I don't see a reason to have google cache enabled.
It's your content and not Google's, and you want the visitors to visit your site.

RonS

5:47 pm on Dec 30, 2006 (gmt 0)

10+ Year Member



Damon and plasma,

I have thousands and thousands of visitors who have viewed Google's cached version of my pages over the years, and this is the first time it has shown up in this report.

Just quickly glancing over the last 6 months, my click-tracking software has tracked at least 100 clicks on my ads while they were viewing Google's cache of my pages. This is on a very well respected, Family Friendly site.

People use Google's cache for many reasons, including if your site is offline, or to use the highlighting of search terms, which I personally find to be very nice. The toolbar can also help you locate search terms on a page you've googled.
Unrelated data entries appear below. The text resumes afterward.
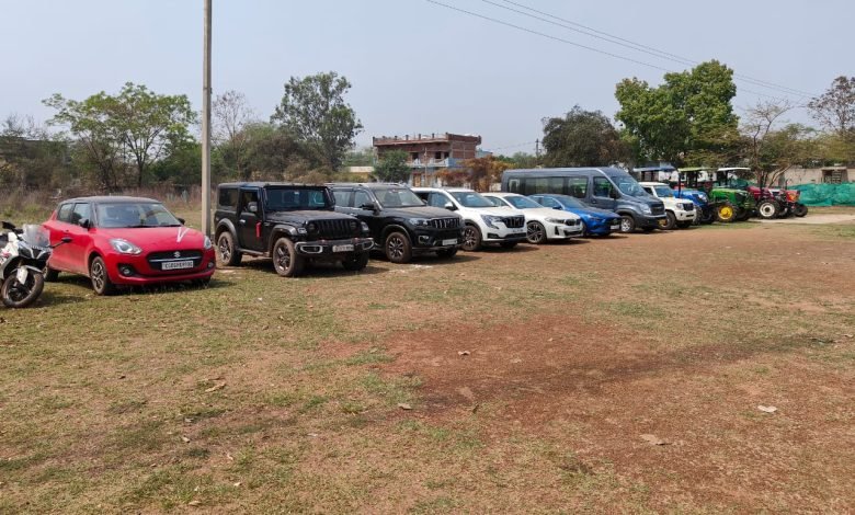 छापे मार कार्यवाही में जप्त की गई कई लग्जरी कार,बाइक ,ट्रैक्टर एवं पिकप।
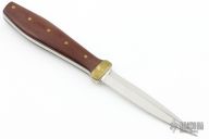 This Dagger by D'Alton Holder features a mirror polished double edged blade with .195" blade stock and .605" blade depth, full tang construction. The handle has a brass guard, maroon linen micarta scales with brass pins. Has a few light scratches and oxidation on the tang, otherwise good condition.
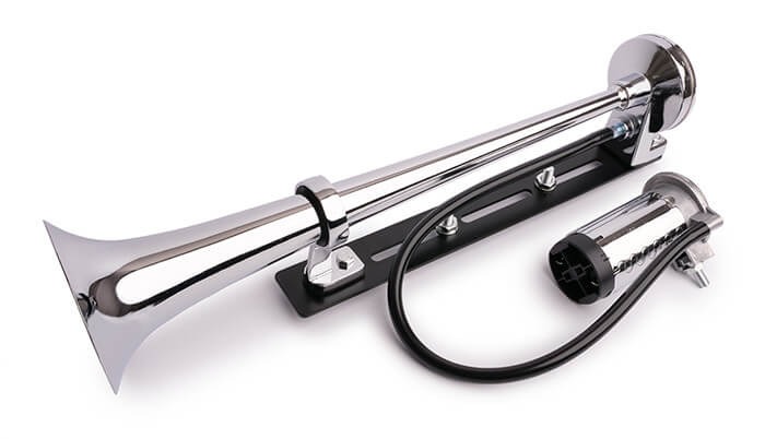 A COMPLETE KIT - OUR 2.0 KIT INCLUDES EVERYTHING YOU NEED FOR THE INSTALLATIONMetal Trumpet, Metal Mounting Plate*, Metal O-Ring Mount*, 12V Compressor, Complete Wiring Kit*, Air Line, Bolts & Fixings, and a User Manual. *New in 2.0.
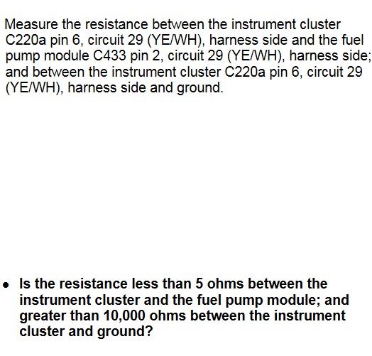 Is the yellow/white wire you mention located in the plug that plugs into the fuel pump and how do I measure the resistance (from where to where) and what would be a normal reading?
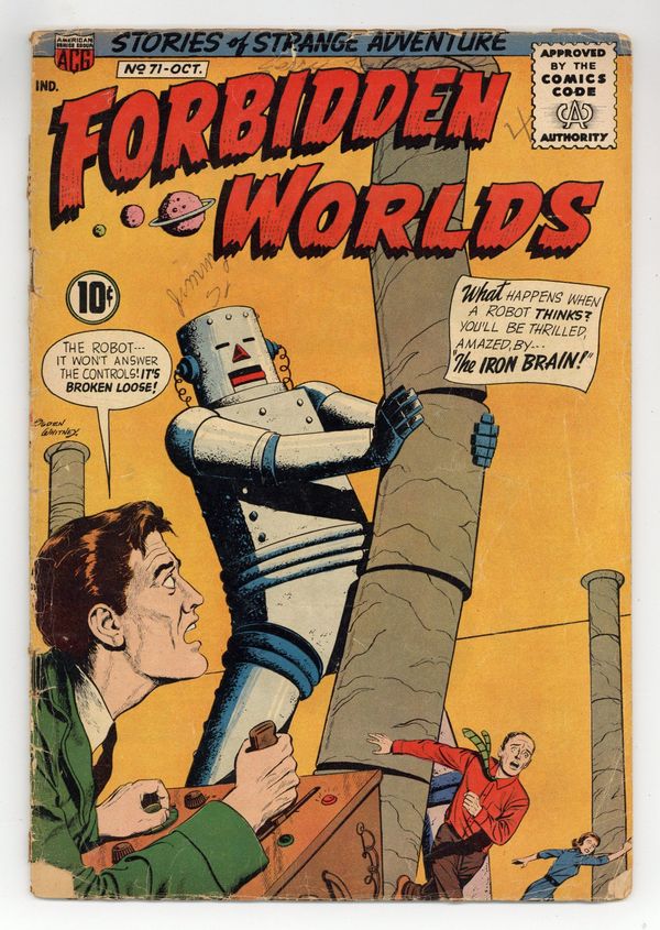 Cover by Ogden Whitney. Edited by Richard E. Hughes. Art by Mike Roy, Bob Jenney and John Rosenberger. An anthology series featuring tales of fantasy and science fiction adventure from legendary early independent comics publisher ACG. Arthur Lansing is given a mirror that foretells the future, but only to those who are pure of heart; A giant robot learns to think for itself, leading to a turn of events absolutely everyone could have foreseen; A visiting UFO accidentally leaves behind an alien virus that threatens to wipe out humankind. The Mirror of Mowgladi!; Superstitious Notes; The Alien Germs!; The Iron Brain! 32 pages, Full Color. Cover price $0.10.
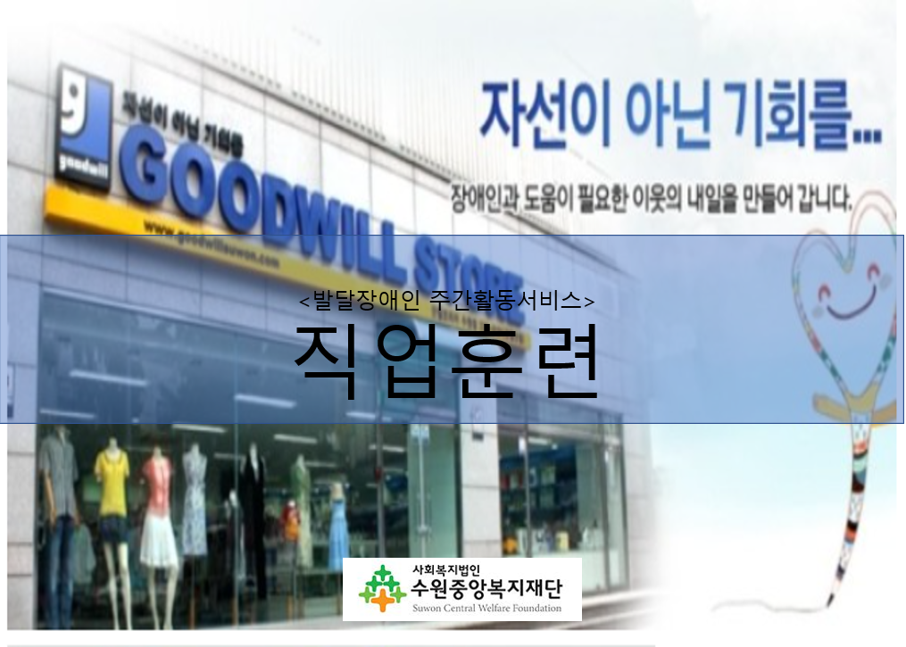 2023년도부터 매주 목요일 오후 시간에 수원굿윌스토어을 방문하여 직업훈련을 진행하고 있습니다.
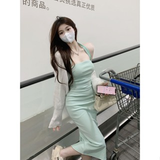 Red Keinginan Murni Gadis Panas Tube Top Lipit Gaun Musim Panas 2023 Baru Seksi Menggantung Leher Halter Kembali Slim Fit Tas Hip panjang Rok Wanita
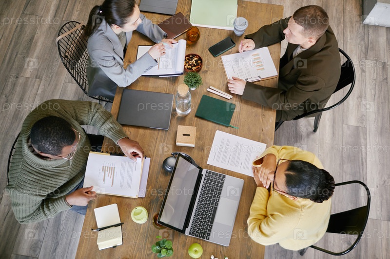 Различные молодые взрослые сотрудничают во время деловой встречи за круглым столом
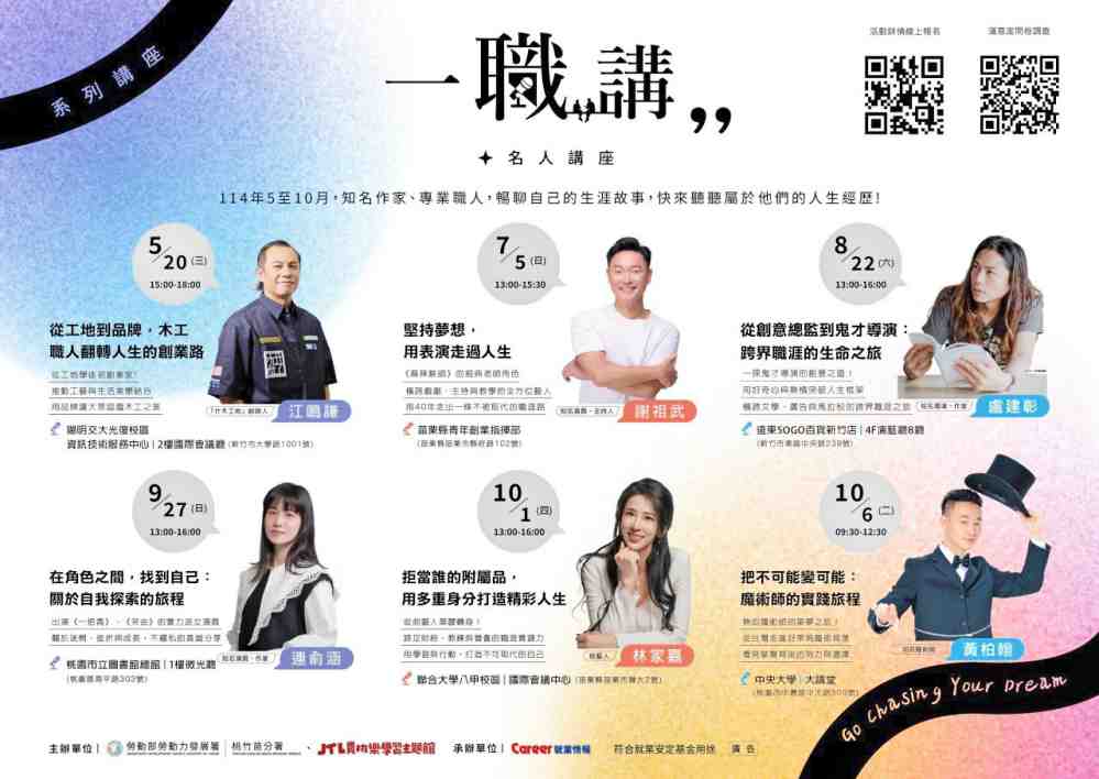 為協助青年探索多元職業、釐清未來發展方向,勞動部勞動力發展署桃竹苗分署賈桃樂學習主題館推動「一職講」系列職涯講座,預計將於5月至10月辦理6場次講座,邀請來自不同領域的專業職人與知名人士,分享其職涯歷程與人生選擇,引導青年認識多元職業,並藉由了解講者成功背後的努力與轉折歷程,啟發職涯靈感與自我探索動力。
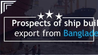 The document discusses the prospects of shipbuilding exports from Bangladesh. It provides a history of shipbuilding in Bangladesh dating back to the 15th century. It outlines the country's potential advantages in shipbuilding like low-cost skilled labor. However, challenges also exist such as a lack of raw materials and backward technology. With support from the government in terms of policies and infrastructure development, Bangladesh could become a leading ship exporter, capitalizing on the growing global demand for ships and its competitive advantages in labor costs and productivity.
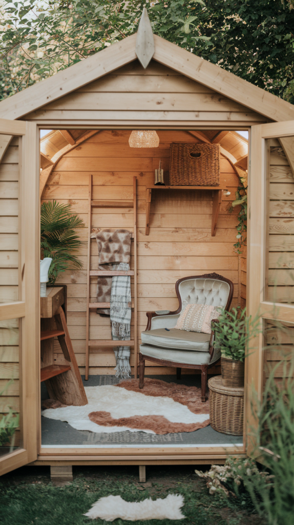 Instead of changing the flooring, layer faux fur and plush rugs for an ultra-cozy feel. Soft textures create a warm, inviting atmosphere, perfect for reading nooks or relaxation spaces. Use different shapes and sizes for a curated, stylish look. This approach allows for easy updates and seasonal changes. A budget-friendly way to make your she shed extra comfortable!
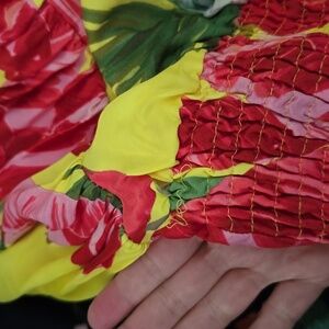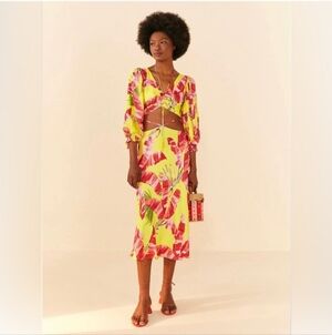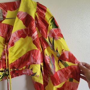 Farm Rio, Sweet Jungle Lime Crop Top, Lime Yellow/Red/Pink, Size XS.
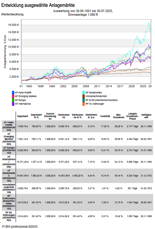 Wertentwicklung von Aktienfonds, Rentenfonds und Immobilienfonds seit dem Jahr 1991 in verschiedenen Anlagemärkten

[edited by: RonS at 5:50 pm (utc) on Dec. 30, 2006]

DamonHD

5:54 pm on Dec 30, 2006 (gmt 0)

WebmasterWorld Senior Member 10+ Year Member



Hi,

Sure, agreed it isn't ONLY for filter dodging, though that would be more common in the kind of case I'm suggesting.

Yes, the highlighted text in the cache, and the "still available if the site is dead" feature also. One of the reasons that I became a fan of G search.

Rgds

Damon

Sunflux

4:27 am on Dec 31, 2006 (gmt 0)

10+ Year Member



Agreed, the bot had a brain fart. My "Site diagnostics" page has been clear of errors ever since they introduced the feature. I know when I checked a couple days ago it was empty. After your post I decided to go look, and sure enough I now have 10 pages of these cached robots.txt errors all from the 28th and 29th.

indias next no1

5:32 am on Dec 31, 2006 (gmt 0)

10+ Year Member



i read a news that most of the cables get damaged due to a earthquake in asia and they are redirecting the traffic through atlantic servers, this may be the reason for google adsense bots to spider the pages from the servers in asia. Because the newspaper quoted that most of the internet traffic in asia is getting affected due to this reason. Any idea?

noodlebox

11:26 am on Dec 31, 2006 (gmt 0)



28th my reports showed google ip cache of my pages.

I just thought that google ads don't show up on cached pages without telling you... this is a new entry to one of the biggest brain farts google have done so far :)

ashii

12:03 pm on Dec 31, 2006 (gmt 0)

10+ Year Member



yes,First time since this feature was introduced I am getting about 30 URLs reported.All of them are Google cache.
All of them reported on 29th.

fredw

7:33 pm on Dec 31, 2006 (gmt 0)

WebmasterWorld Senior Member 10+ Year Member



It's more than a temporary fart. It is still occurring. Urls have added to my block list as late as yesterday, and it's not only Google cache pages. Yesterday an altavista bablefish url was added to my blocked list with the same robots.txt reason.

Someone up at the plex is going to have a headache when they get back from vacation...

zCat

8:17 pm on Dec 31, 2006 (gmt 0)

10+ Year Member



Here too.

If google would like to hand me the passwords to their servers, I'd be glad to "resolve these issues" ;-).